▶ [Data provided]:
[Start of section]
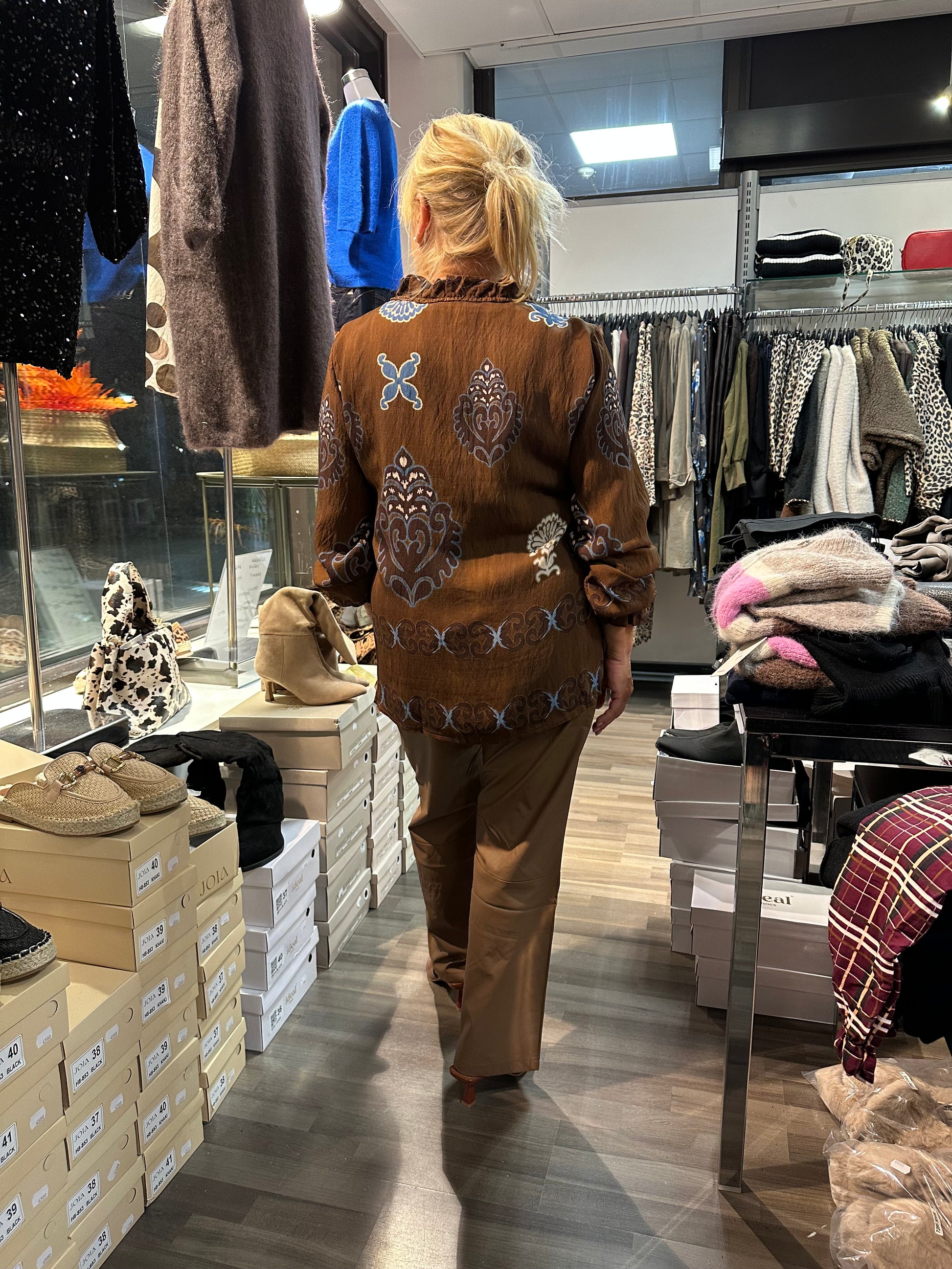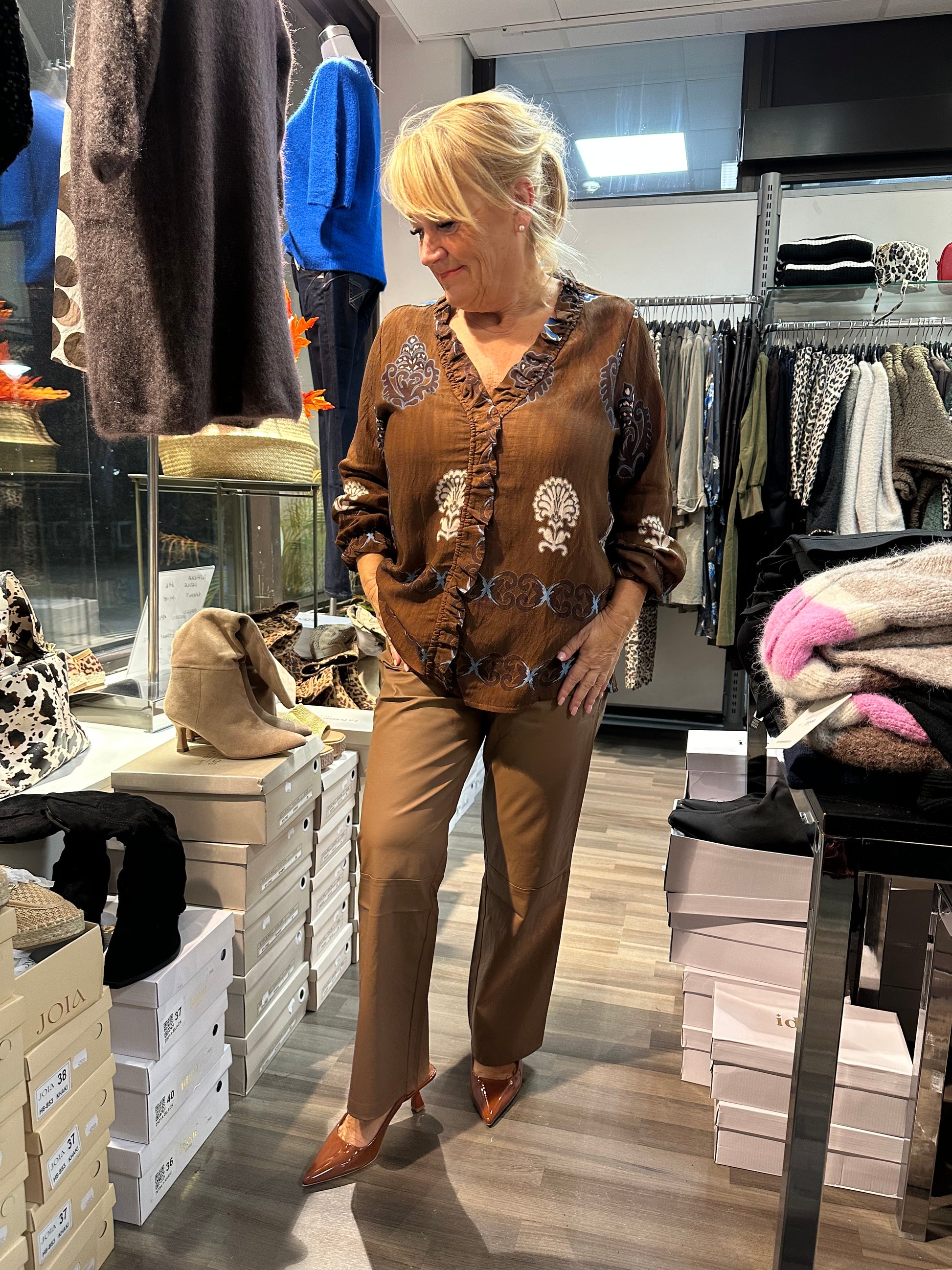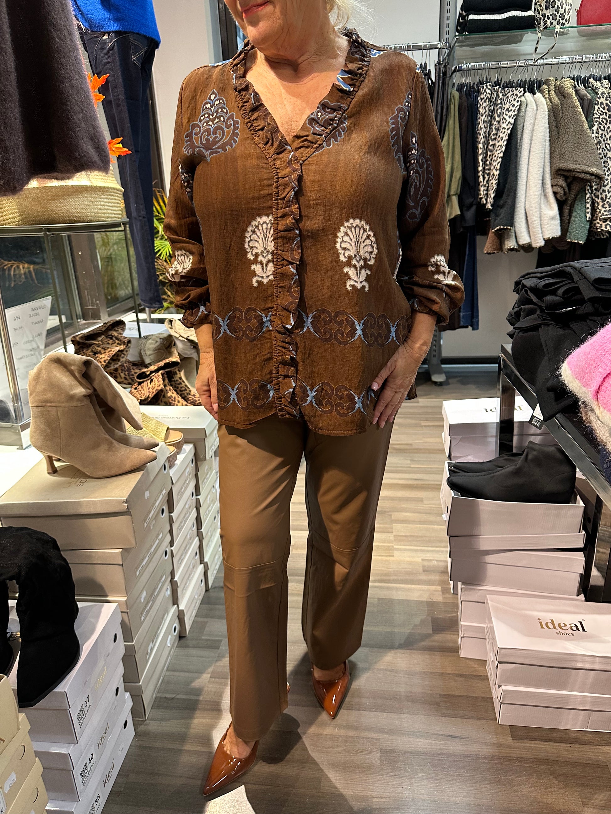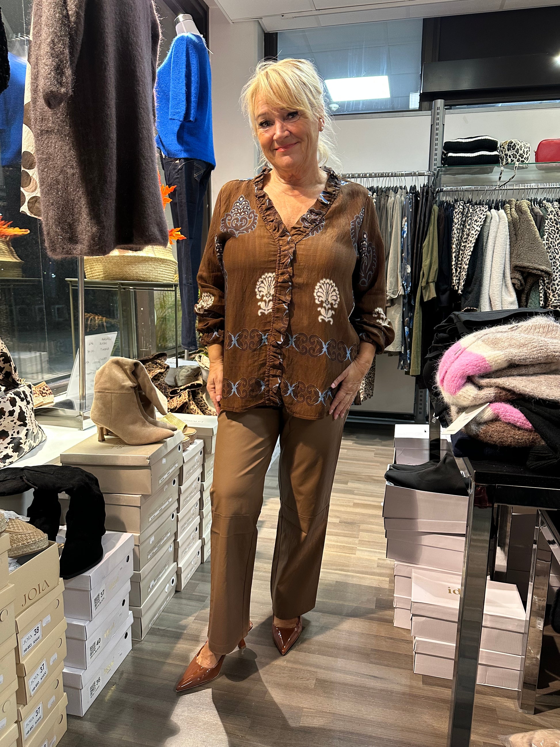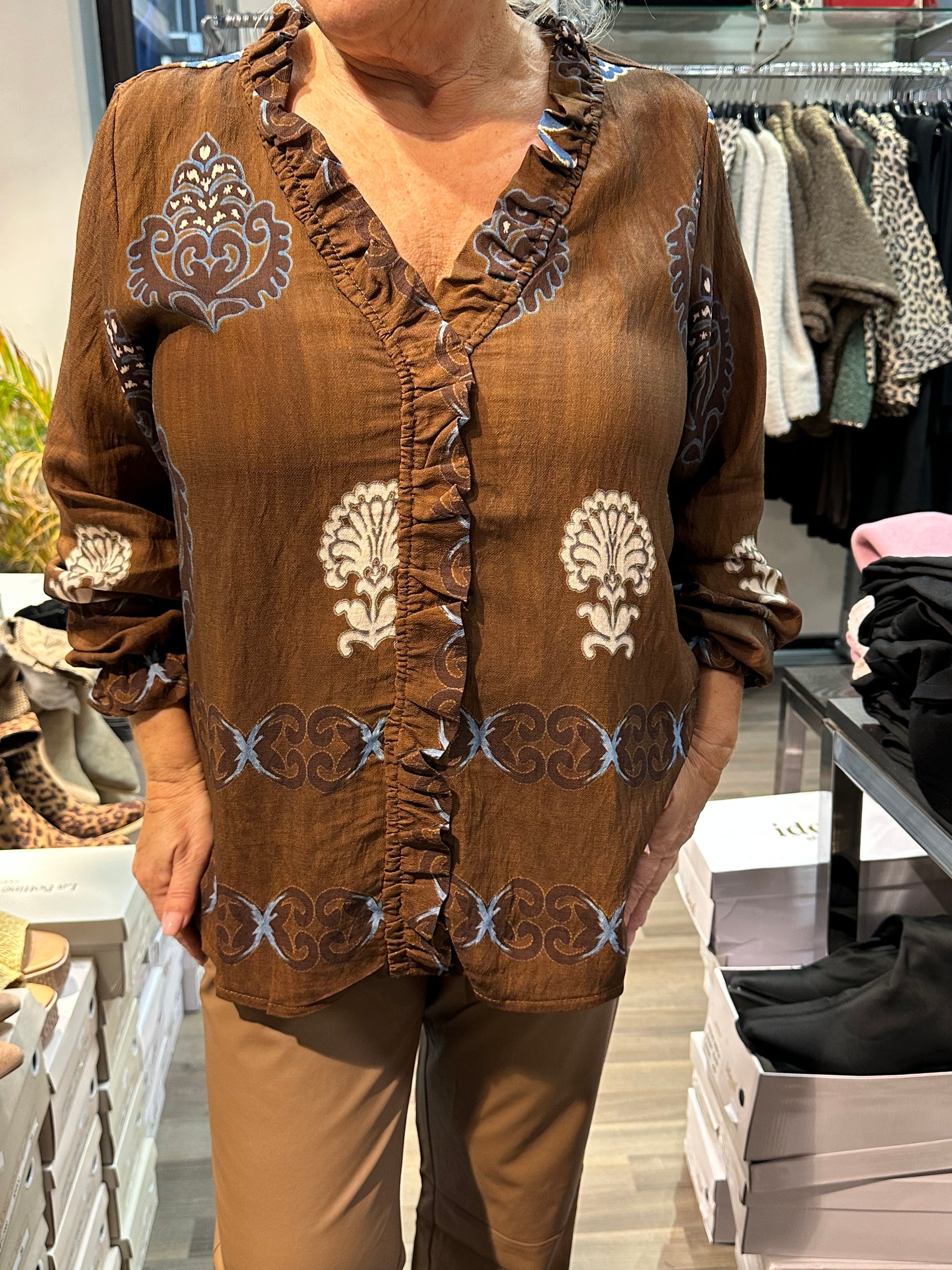 Kiva hieman pidempi pusero, jossa röyhelöä edessä ja hihansuissa joustava röyhelö.
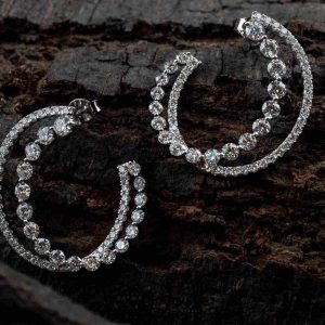 Modern Diamond Castella Hoop Earrings with White gold
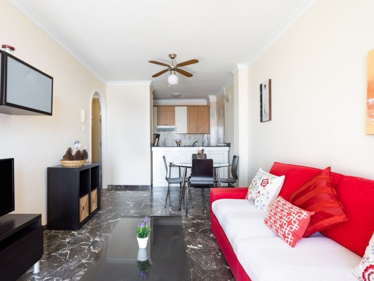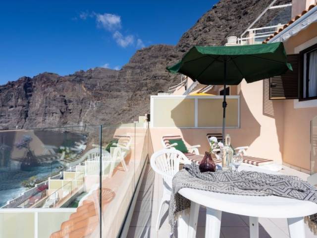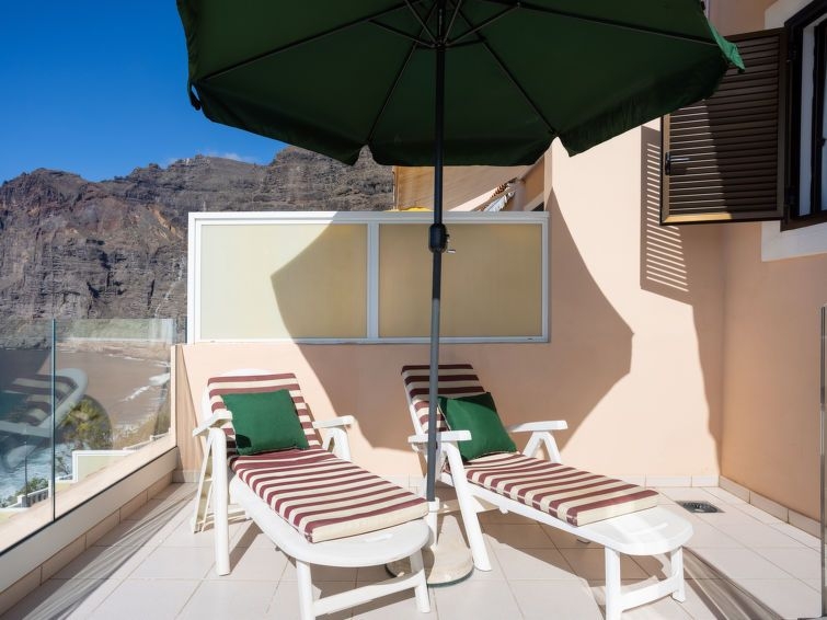 Apartamento de 2 estancias 60 m2 en el 3° piso. Con mobiliario funcional y confortable: salón-comedor con 1 sofá-cama y TV cable. Salida a la terraza. 1 dorm. con 1 cama de matrimonio. Cocina abierta (horno, 4 placas de vitrocerámica, microondas, congelador, cafetera eléctrica). Baño/bidet/WC. Calentador (50 litros). Ningún tipo de calefacción. Terraza 20 m2. Muebles de terraza, tumbonas (2). Vista al mar y a los acantilados de los Gigantes. El alojamiento dispone de: lavadora. Internet (Wifi). A-38-4-0004431
[End of section]
▶ [Task directions]: Print out the material word for word, omitting the pictures.

▶ [Answer to this problem]:
 Kiva hieman pidempi pusero, jossa röyhelöä edessä ja hihansuissa joustava röyhelö.
 Modern Diamond Castella Hoop Earrings with White gold
 Apartamento de 2 estancias 60 m2 en el 3° piso. Con mobiliario funcional y confortable: salón-comedor con 1 sofá-cama y TV cable. Salida a la terraza. 1 dorm. con 1 cama de matrimonio. Cocina abierta (horno, 4 placas de vitrocerámica, microondas, congelador, cafetera eléctrica). Baño/bidet/WC. Calentador (50 litros). Ningún tipo de calefacción. Terraza 20 m2. Muebles de terraza, tumbonas (2). Vista al mar y a los acantilados de los Gigantes. El alojamiento dispone de: lavadora. Internet (Wifi). A-38-4-0004431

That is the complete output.